Posté : sam. 4 juil. 2026 12:40
Numéro 4600 du 10/06/2026
Ici un aperçu du numéro: https://spirou.com/vive-le-foot/
Le précédent Spirou consacré à un évènement sportif a été celui sur les jeux olympiques, justifié (s’il en avait été besoin) par leur tenue en France, Spirou étant un journal essentiellement franco-belge, jeux jugés suffisament importants pour que la rédaction leur consacre non un mais deux numéros spéciaux (4490 et 4502). Il ne semble pas y avoir de raisons particulières à ce spécial coupe du monde de foot, hormis une tradition, non systématique, remontant à une trentaine d’années, par contre il est un prétexte à une mise en avant de cette franco-belgitude. Ce n’est pas sa seule caractéristique, et une comparaison avec de précédents spéciaux foot vont se montrer révélatrices. Si Spirou a eu dès ses premières années, alors que la famille Dupuis voulait un journal espiègle mais aussi sain et éducatif, plusieurs rubriques sportives, dont une, rédigée par Jean Corhumel, a duré jusqu’en 1968, pour disparaître cette année où la jeunesse revendiquait d’autres valeurs, par la suite, sauf erreur, hormis les spéciaux JO cités, les Spirou spécial sport l’ont pratiquement tous été sur le foot, le premier en 1978, rares jusqu’en 1998, puis presque systématiques depuis.
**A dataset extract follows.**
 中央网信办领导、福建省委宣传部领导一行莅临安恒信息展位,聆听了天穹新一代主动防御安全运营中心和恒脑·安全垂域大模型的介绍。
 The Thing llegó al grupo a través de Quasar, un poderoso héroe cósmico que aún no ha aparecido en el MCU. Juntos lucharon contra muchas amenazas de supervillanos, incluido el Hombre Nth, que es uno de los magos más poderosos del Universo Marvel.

Les rubriques sportives des années 30 à 60 étaient sérieuses mais depuis, Spirou oblige, l’approche est humoristique, et la couverture de Mab, ainsi que son histoire (très) courte, montrent l’angle choisi pour ce spécial: un spécial foot inclusif, qui prend aussi en compte ceux qui n’aiment pas ce sport. C’avait déjà été l’attaque du 3141 en 1998, sous Thierry Tinlot, avec le slogan de couverture « La coupe du monde ? Tout le monde s’en foot ! », mais elle est ici plus affinée, déclinée en de multiples versions par la plupart des auteurices du numéro (et en y ajoutant le slogan « Déjà marre du foot ? Lisez Spirou ! », accompagné d’une opération publicitaire avec un code promo à découvrir (jeu saboté par les Fabrice, comme il se doit) pour profiter d’un abonnement à tarif réduit.
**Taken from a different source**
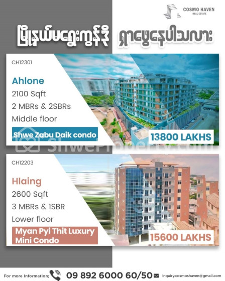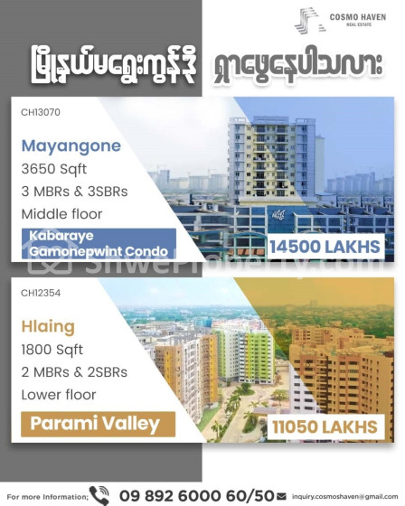 🎈ဒါဆိုရင်တော့ အခန်းကျယ်မှ ကြိုက်သောလူကြီးမင်းမျာအနေနဲ့ အခုဘဲ ကျွန်တော်တို့ Cosmo haven အိမ်ခြံမြေCompany ကိုဆက်သွယ်လိုက် ပါ ခင်ဗျာ

Première constatation, la couverture de Mab, comme les histoires, témoignent que le foot n’est pas réservé qu’aux hommes, et de ce point de vue, Spirou est depuis belle lurette bien moins machiste que les instances officielles du foot (pour un historique, voir Le match du siècle, de Julie Billault et Seb Picquet, Dupuis, 2026). Dans la couverture comme dans son histoire, « Match nul ! », Mab inverse d’ailleurs le cliché en présentant le père de famille comme le seul réfractaire au foot. Mab qui pour l’occasion utilise son style croquis, proche, peut-on imaginer, de son activité de storyboarder, différent de celui de ses éphémères Térence et Bud dans Spirou, des ET du même univers graphique que ceux de Terminax conquis et autres, vus la semaine précédente.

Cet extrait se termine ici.